Our last stop of the day was Essex Farm, a full-diet CSA that has operated for over a decade. Co-owner Mark Kimball ran around with us as we picked raspberries with gleeful eyes and full bellies. He closed out the tour by generously offering us armloads of vegetables, dairy, and freshly ground beef. Mark’s philosophy on community stems from reciprocity and gratitude. And what did we do with this living abundance? We turned it into beef stroganoff, of course!

beef at 8 O'clock Ranch
Much of our animal protein this semester came from 8 O’clock Ranch in DeKalb.

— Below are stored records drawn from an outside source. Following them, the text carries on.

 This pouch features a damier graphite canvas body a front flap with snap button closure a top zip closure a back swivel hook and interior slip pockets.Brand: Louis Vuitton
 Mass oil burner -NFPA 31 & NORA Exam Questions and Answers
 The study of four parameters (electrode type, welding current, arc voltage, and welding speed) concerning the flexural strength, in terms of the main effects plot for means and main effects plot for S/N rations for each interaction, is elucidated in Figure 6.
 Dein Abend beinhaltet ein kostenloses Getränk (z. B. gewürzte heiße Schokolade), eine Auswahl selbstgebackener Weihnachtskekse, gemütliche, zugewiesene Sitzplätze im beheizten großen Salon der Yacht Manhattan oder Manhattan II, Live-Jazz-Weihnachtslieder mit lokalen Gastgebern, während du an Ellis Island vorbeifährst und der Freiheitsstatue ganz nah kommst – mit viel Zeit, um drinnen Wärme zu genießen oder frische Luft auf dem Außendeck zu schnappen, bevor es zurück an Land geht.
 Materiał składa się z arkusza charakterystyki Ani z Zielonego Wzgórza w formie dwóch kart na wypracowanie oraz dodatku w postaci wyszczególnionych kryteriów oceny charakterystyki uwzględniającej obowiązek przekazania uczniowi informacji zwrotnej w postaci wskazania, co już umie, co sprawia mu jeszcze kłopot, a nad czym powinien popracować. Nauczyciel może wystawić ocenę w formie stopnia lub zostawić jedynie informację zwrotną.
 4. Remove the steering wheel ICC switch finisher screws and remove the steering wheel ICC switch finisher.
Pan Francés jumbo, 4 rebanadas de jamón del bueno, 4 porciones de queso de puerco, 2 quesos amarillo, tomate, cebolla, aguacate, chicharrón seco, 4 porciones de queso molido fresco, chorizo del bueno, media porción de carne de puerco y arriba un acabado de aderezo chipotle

In a semester focused on place, sustainability, and reciprocity there was no better way to align our values than to source our food from area farmers. At this point in the semester we’ve been asked how this experience will impact our lives going forward. For some, this takes the shape of farming, others working for environmental non-profits, and some will get involved in local politics. While we’ve all been impacted differently, the sense of fulfillment we gained from home cooked meals and authentic farmers will remain a testimony to the value of passion and thoughtfulness in rooting ourselves to a place.